Los Angeles should reform its parking policies to address a regional housing shortage, according to a report published by the Council of Infill Builders, a nonprofit organization that advocates for the development of new housing in urban cores throughout California.

"Wasted Spaces: Options to Reform Parking Policy in Los Angeles" argues that a combination of excessive parking requirements in new construction, a lack of adequate pricing and enforcement for existing spaces, and poor management of parking assets inflate housing costs and limit mobility in Southern California.

"For the past fifty years, we've [tried] to manage parking by managing development, and we've failed miserably at both," said Mott Smith, a co-founder of the Council of Infill Builders.  "...this report gives Southern Californians real tools that work for addressing the changing ways that Angelenos move and live."

Policy recommendations to local officials include:

  • Eliminate, reduce or right-size minimum parking requirements for any new development project;
  • Charge optimal pricing for parking and ensure revenue from enforcement benefits the local community; and
  • Improve parking management rather than mandating new parking requirements in the zoning code, such as through shared parking and transportation demand options.

"Meeting L.A.'s affordability challenges and growing the city around our transit network will require smart land use policies," added Los Angeles City Councilmember Jose Huizar.  "Wasted Spaces provides meaningful solutions for city leaders to consider in reassessing and updating our parking policies."

Numerous barriers typically prevent local governments from implementing these type of policy reforms, including public oppositions to parking reductions, a lack of data on parking needs and existing spaces, and excessive parking mandates used as leverage by local groups who trade reduced requirements for specific benefits.

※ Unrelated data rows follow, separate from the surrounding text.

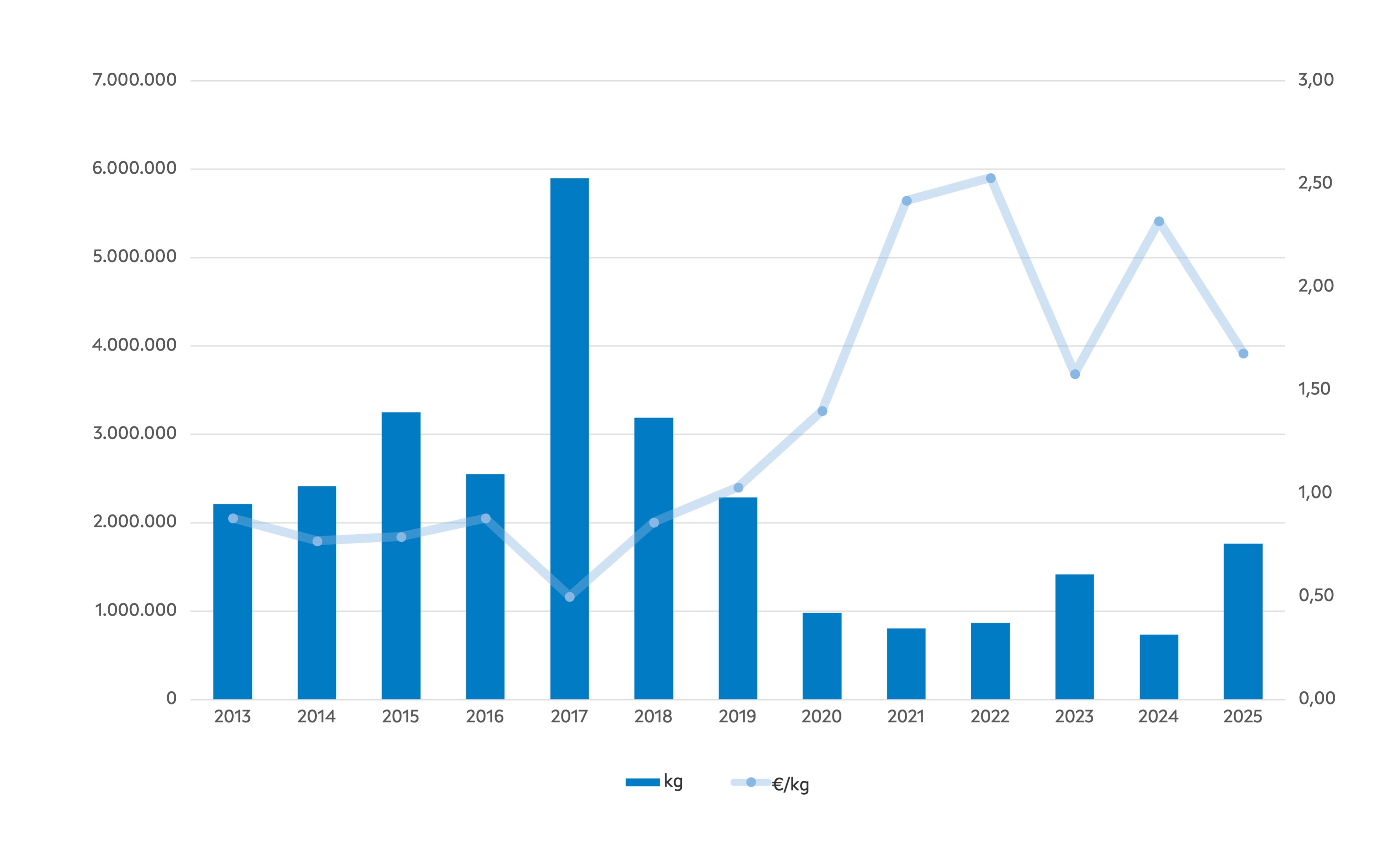 | Nº días | kg | % | Euros | % | Euros/kg | |
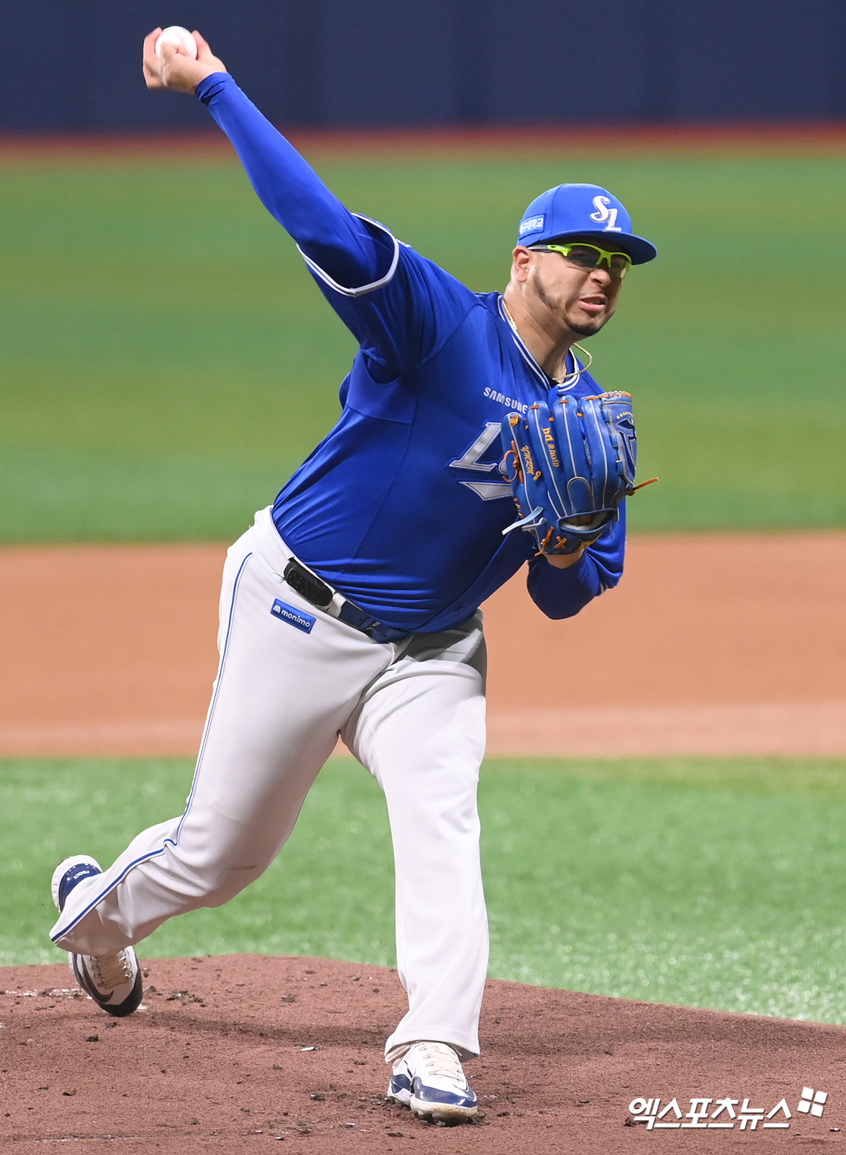 (엑스포츠뉴스 고척, 고아라 기자) 21일 오후 서울 구로구 고척스카이돔에서 열린 '2025 신한 SOL Bank KBO리그' 삼성 라이온즈와 키움 히어로즈의 경기, 1회말 삼성 선발투수 후라도가 공을 힘차게 던지고 있다.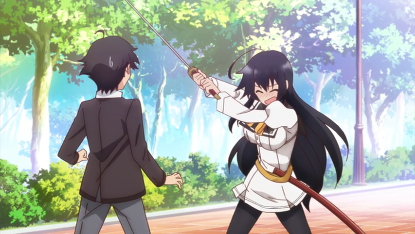 Karen is a girl from a samurai family who carries a katana on school grounds. Her fear of insects causes her to reflexively slash others nearby even though their clothes are often the primary casualties. After Karen inadvertently experiences a humiliating defeat at the hands of Kimito, she believes herself to have become weak and swears to stick closely by his side. She is determined to kill him whenever a chance presents itself. She masks her feelings for Kimito with a fake desire to defeat him. She has a sexual arousal with Hakua. There came a point where Karen felt overexcited for displaying her full potential the first time when invading Reiko’s wedding arrangement.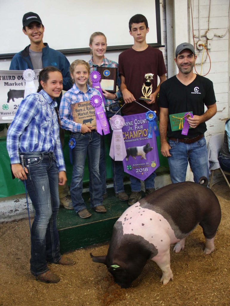 Garrett Cramer, of Cramer Oil, bid $9 per pound for McKayla Feikert’s 274 pound champion Wayne County bred market hog. Also pictured is Seth Crilow, Mia Mariola, Alivia Crilow and AJ Rhodes.

To sidestep these barriers, the report provides several recommendations:

  • Reframe parking policy reform as "improving overall mobility and access to destinations" to alleviate local fears, as well as demonstration projects and policies to test out parking reform concepts with concerned neighbors;
  • Gather, curate and centralize parking data in a clearinghouse to educate the public and policy makers about actual parking needs and supply in a given area; and
  • Find common ground on housing and transportation policies with those seeking to leverage high parking requirements for concessions, such as by creating grants or other incentives for local jurisdictions that actively manage parking to address these conflicts.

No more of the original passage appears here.